Matthew Gill: It’s like she said. There are a lot of misconceptions around it. We are from Enhanced VR — a startup we created last year with a couple other students — and our idea is to create peripherals, and other ways we can incorporate VR. We were very fortunate to get accepted to TEDx and be able to show that there is so much more. There’s research and education, but there’s also entertainment like the New York Times app, how you get your news, and even new films. If you look at the indie films festivals, the Sundance Film Festival, there are more VR films that are coming up there. It’s a growing field, market, industry, whatever you want to call it, and it’s expanding so fast. For people to not have the right idea of it when it gets started is essentially not good. If we can help present it in a better light, I’d say that’s what our goal is.

KP: It’s to get people excited about it.

PD: How are you challenging these misconceptions?

MG: With the talk, we just want to introduce the misconceptions. As we progressed, we explained that people don’t know what virtual reality is, the different ways you can access it and what exactly happens while you’re doing it. We transition in little steps from an education standpoint and what it can be used for and how it can help, and then [it] goes a great bit into emotional intelligence.

KP: [With] a video of a user using the simulator we actually made, and then at the end of the speech we’re going to have this mini virtual reality experience, so we’ll dim the lights and get the audience involved.

MP: We want to keep the audience engaged.

KP: As much as we can.

MP: We ask them, you can say, almost rhetorical questions during the beginning. The fact is we’re trying to immerse these people, and trying to get them into thinking as much as they can and connect them and force their imagination. At the end of the talk , we give them their own little virtual reality trip where we make our own version of the Paris attack video that you see on the New York Times. We took the same plotline and how they went about it, but we presented it in a way that can keep people engaged but not zone out like they’re just watching a video. It’s pictures, but we describe the audio. So if people are having issues imagining what’s going on, they can hear the sounds of traffic, they can hear the sound of people talking in the background. So it really kind of fills in the whole story. At the end we hope that people can really connect it, and they really come away with something memorable, and that again, VR is what it is. What we’re doing as a team with Enhanced VR, we already have a two degree of freedom simulator —

PD: What is that?

KP: So basically you can move backwards and forwards and side to side. So angles of movement.

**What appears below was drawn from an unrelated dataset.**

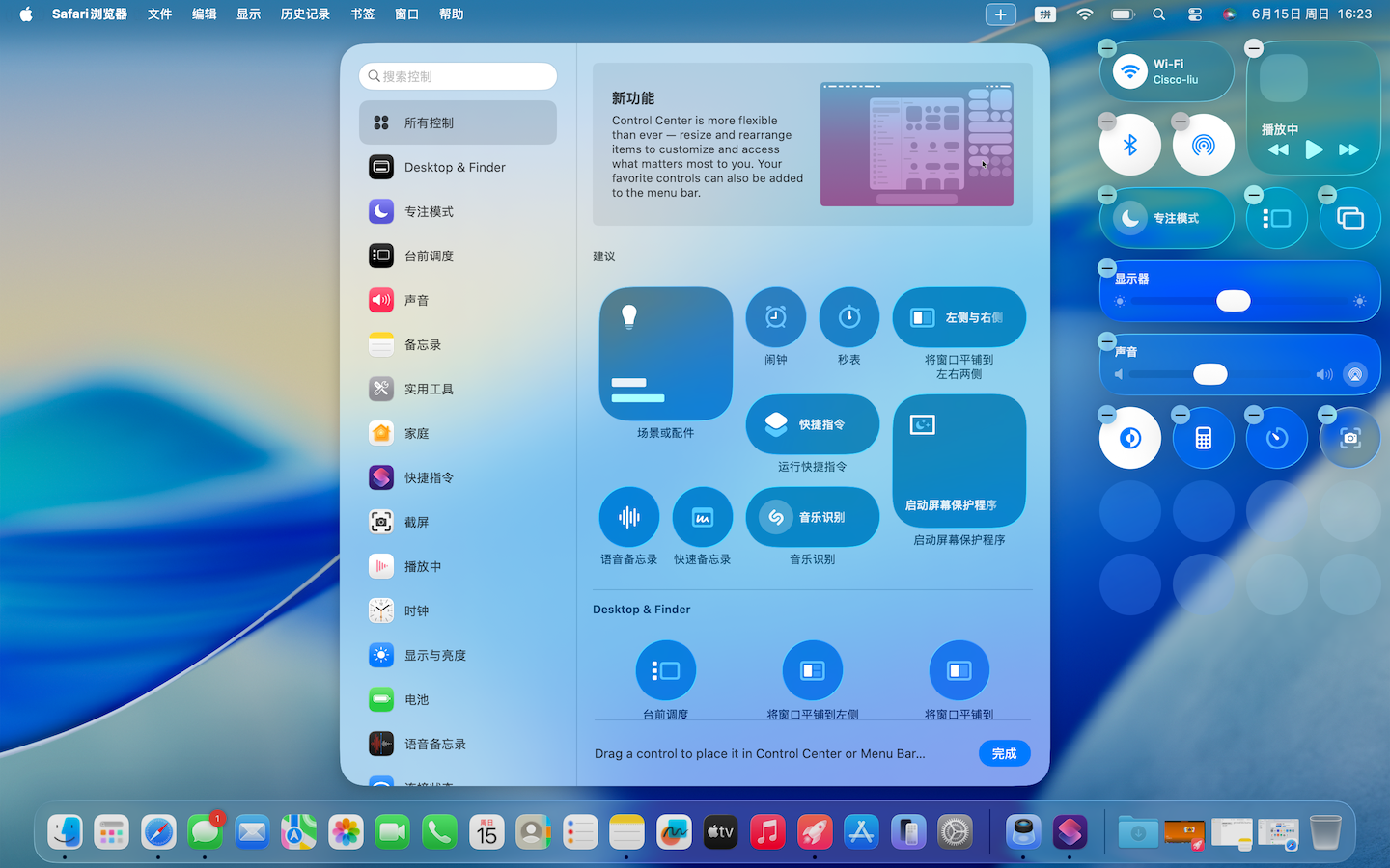 macOS Tahoe 为我们带来了新的视觉风格,改进了聚焦搜索、控制中心、菜单栏等细节。

MG: There’s many more, you can go up to six. But essentially what this one can do is, we have it set up for racing. We can put you on basically every track in the world in any car that you want and make it seem like you’re in the seat, feeling the forces. We have a vest that we made at a hardware hackathon, at the HackBU, so you can feel the vibrations in your chest too.

PD: Would you say you decided to talk at TEDx to expose VR more and get people excited about it?

MG: This talk is called “Flip the Script.” So we thought this would be a good way to make a flip on how people see VR, and we wanted to present it the different way that we can.